Some cities are named after a certain behavior that the residents carry. This city is called the “City of Smiles” because of its Joie de Vivre, Mardi Grass like festival. The name Bacolod was derived from the Hiligaynon word, “Buklod” meaning stonehill, as the city was first set up on a stonehill. Due to Muslim invasion it was then transferred to the shoreline. The original town is now called Daan Banwa. It means an old town. Aside from being named as the “City of Smiles” but is also known as the Land of Sweet people due to its culinary heritage where it is famous for its chicken Inasal and sweet dessert treats.

Where to go:

Nearly everything in the Negros Museum, in the Old Capitol Building, relates to the colonial sugar industry. It opens from Monday to Saturday at 9am to 6pm. The Old Capitol Building, built in 1921, sprawls from Gatuslao to Lacson St. Across the treet from the Negros Museum is the Negros Forest and Ecological Foundation’s Biodiversity Center. The center is devoted to preserving what remains of Negros’ indigenous flora and fauna. It opens from Monday to Saturday from 10am to 5pm. In the Goldenfield Commercial Complex, bars, and karaoke joints galore stay open daily from 9pm to 2am. Quorum, near the back of the complex at the Kundutel, is an enormous arena with space-tech flair.

When to go:

The third week of October sees the celebration of the Masskara Festival, a mélange of Mardi Gras and Rio party Styles.

What to do:

For quality and ambiance, Goldenfield Commercial Complex has bistros and café or the area of Lacson Street between 20th and 24th Street, Cyberazia in an internet café and trendy neon bar.
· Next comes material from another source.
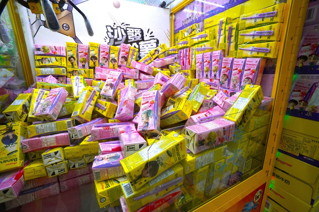 一進到沙發馬鈴薯樂園我就立馬衝到這人氣NO.1的韓國香蕉牛奶這兒~這可是超級熱門機台,而且現在還是跟BTS聯名的包裝怎麼能不夾啦!我在這台夾了好一會兒後面已經大排長龍也是想要夾的人。
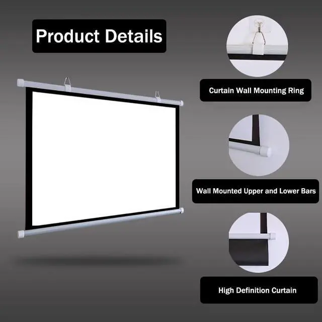 Material: The manual pull down projector screen is made of white fiberglass with true color rendering and good light transmittance resistance, bringing you and your family a high-definition visual experience.

The cost for the internet is half a dollar per hour and is open from Monday to Saturday at 9am to 2am. Nearby Chicken House on Lacson Street at the corner of 24th Street, roves that not all chicken is created equal. The center market downtown offers sweet delicacies, including piyaya and bayi-bayi. For excellent Japanese food at bargain prices can be enjoyed at Inaka on Lacson Street, near the 22nd Street intersection.

Tourist tips:

Bacolod is on the Northwestern tip of Negros Occidental. The ferry pier sits west of the plaza. Lacson Street bisects the city. Three blocks closer to the coast, Araneta Street begins at the plaza and continues south to the airport. Between the two, Gatuslao Street passes the post office and Negros Museum. Burgos Street intersects Lacson and Araneta Street and ends at the ferry pier. In the east, Burgos Street cuts across Lopez Jaena Street which hosts the bus terminals.